Sin darse cuenta, Mario juntaba pedazos de episodios, se descubría urdiendo explicaciones paralelas al ataque

de los vecinos. Nunca preguntó a Delia, esperaba vagamente algo de ella. A veces pensaba si Delia sabría

exactamente lo que se murmuraba. Hasta los Mañara eran raros, con su manera de aludir a Rolo y a Héctor sin

violencia, como si estuviesen de viaje. Delia callaba protegida por ese acuerdo precavido e incondicional.
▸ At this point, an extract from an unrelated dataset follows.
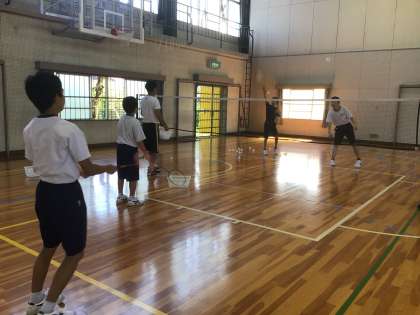 1・2・3・4・5・6学級の体育です。バドミントンに取り組んでいます。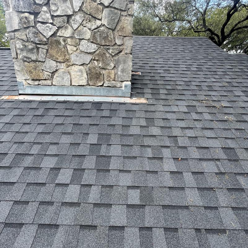 Bluebonnet Roof Co removed and replaced a CertainTeed Landmark HD shingle roof in Westlake, Austin, Texas. The team repaired chimney grout lines and upgraded roof flashing. Chimney repairs addressed cracks and deterioration in the existing stone and brick masonry, which are common in older homes.

Cuando Mario se agregó, discreto como ellos, los tres cubrieron a Delia con una sombra fina y constante, casi

transparente los martes o los jueves, más palpable y solícita de sábado a lunes. Delia recobraba ahora una

menuda vivacidad episódica, un día tocó el piano, otra vez jugó al ludo; era más dulce con Mario, lo hacía

sentarse cerca de la ventana de la sala y le explicaba proyectos de costura o de bordado. Nunca le decía nada de

los postres o los bombones, a Mario le extrañaba, pero lo atribuía a delicadeza, a miedo de aburrirlo. Los

Mañara alababan los licores de Delia; una noche quisieron servirle una copita, pero Delia dijo con brusquedad

que eran licores para mujeres y que había volcado casi todas las botellas. “A Héctor…”, empezó plañidera su

madre, y no dijo más por no apenar a Mario. Después se dieron cuenta de que a Mario no lo molestaba la

evocación de los novios. No volvieron a hablar de licores hasta que Delia recobró la animación y quiso probar

recetas nuevas. Mario se acordaba de esa tarde porque acababan de ascenderlo, y lo primero que hizo fue

comprarle bombones a Delia. Los Mañara picoteaban pacientemente la galena del aparatito con teléfonos, y lo

hicieron quedarse un rato en el comedor para que escuchara cantar a Rosita Quiroga. Luego él les dijo lo del

ascenso, y que le traía bombones a Delia.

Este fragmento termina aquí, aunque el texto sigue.